Only 1% of the natural microorganisms can be artificially isolated and cultured. The large quantity of uncultured microorganisms, the microbes that cannot be kept alive in artificial conditions, is therefore a vast reservoir of natural microorganism resources. One of the major obstacles for further research on these uncultured microorganisms lies in understanding the in situ surviving environmental essentials and precisely duplicating them in the lab condition. This article systematically summarizes the limitation of the present knowledge about in situ environment, related research experiences and advances in the decades. The cultured proportion of uncultured microorganisms has improved owing to the new culture methods and facilities advances, represented as novel or modified media, high throughput sequencing and microfluidics. Many uncultured bacteria from various environment were isolated including intestinal bacteria (Ruminococcaceae), bacterioplankton (Formosa) and soil bacteria (Candidate N. defluvii).
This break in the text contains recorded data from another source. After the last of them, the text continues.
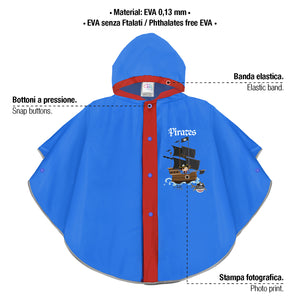 Mantellina impermeabile blu con forma arrotondata e dettagli laterali rossi. Bottoni a pressione sulla parte frontale e cappuccio antivento. I profili sono catarifrangenti e garantiscono la massima visibilità perché capaci di riflettere la luce ed illuminarsi quando incrociano i fari delle auto. Disponibile in una taglia unica e ideale per i bambini dai 3 ai 6 anni.
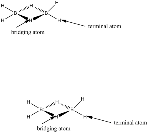| 6 | Asymmetric Stretching - One B-H bond stretches and contracts asymmetrically to the other two which stretch and contract symmetrically. In order to keep the centre of mass constant throughout the vibration when two B-H bonds lengthen the boron moves up and the other B-H bond shortens. | E' | 2737.44 | 103.7333 | 2601.5 |
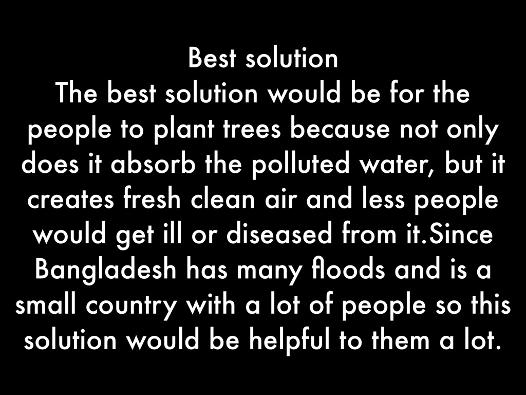 The best solution would be for the people to plant trees because not only does it absorb the polluted water, but it creates fresh clean air and less people would get ill or diseased from it.Since Bangladesh has many floods and is a small country with a lot of people so this solution would be helpful to them a lot.
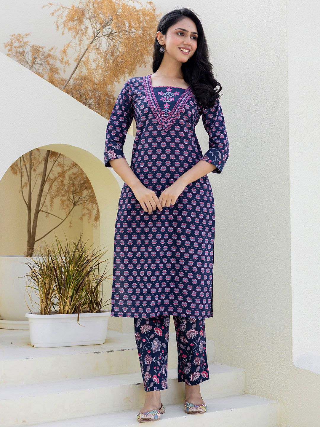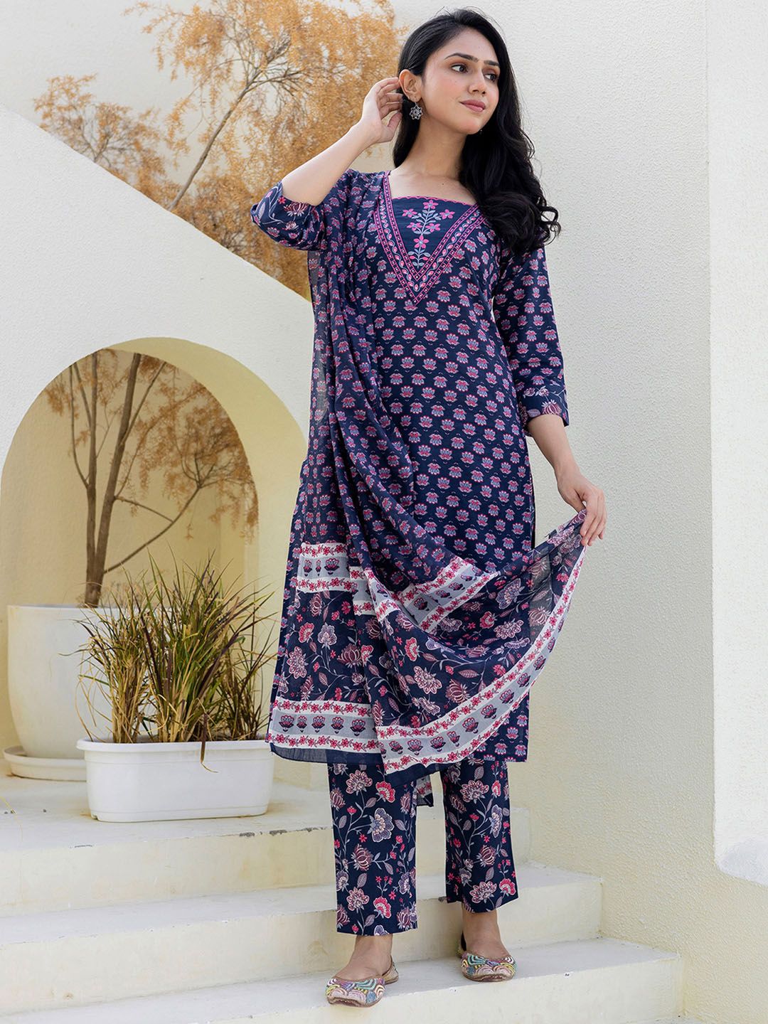 SKYLEE Floral Printed Notch Neck Sequinned Straight Kurta With Trouser & Dupatta
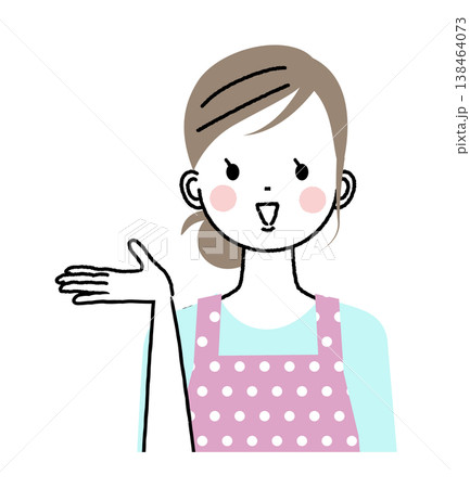 エプロンをした女性 笑顔でどうぞのポーズをしている女性
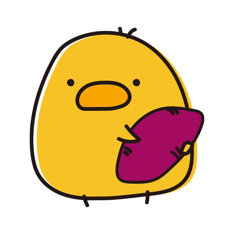 サツマイモを持っているまんまるひよこ
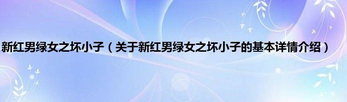 本文关于新红男绿女之坏小子的基本详情介绍就讲解完毕,希望对大家有所帮助。

Based on the dramatic progress of molecular biological methodology, particularly gene annotation of amplicon sequencing and metagenome sequencing to reveal the metabolic mechanism, a promising approach was predictable to quickly find suitable culture conditions and avoid the weakness of traditional methods. Therefore, as an effort of new culture technology application, the cultivation of uncultured microorganism is relied on the molecular biological method evolution, which is not only a basic and efficient experimental tool of microbial diversity and ecosystem researches, but also illustrate the direction of coming isolation and cultivation.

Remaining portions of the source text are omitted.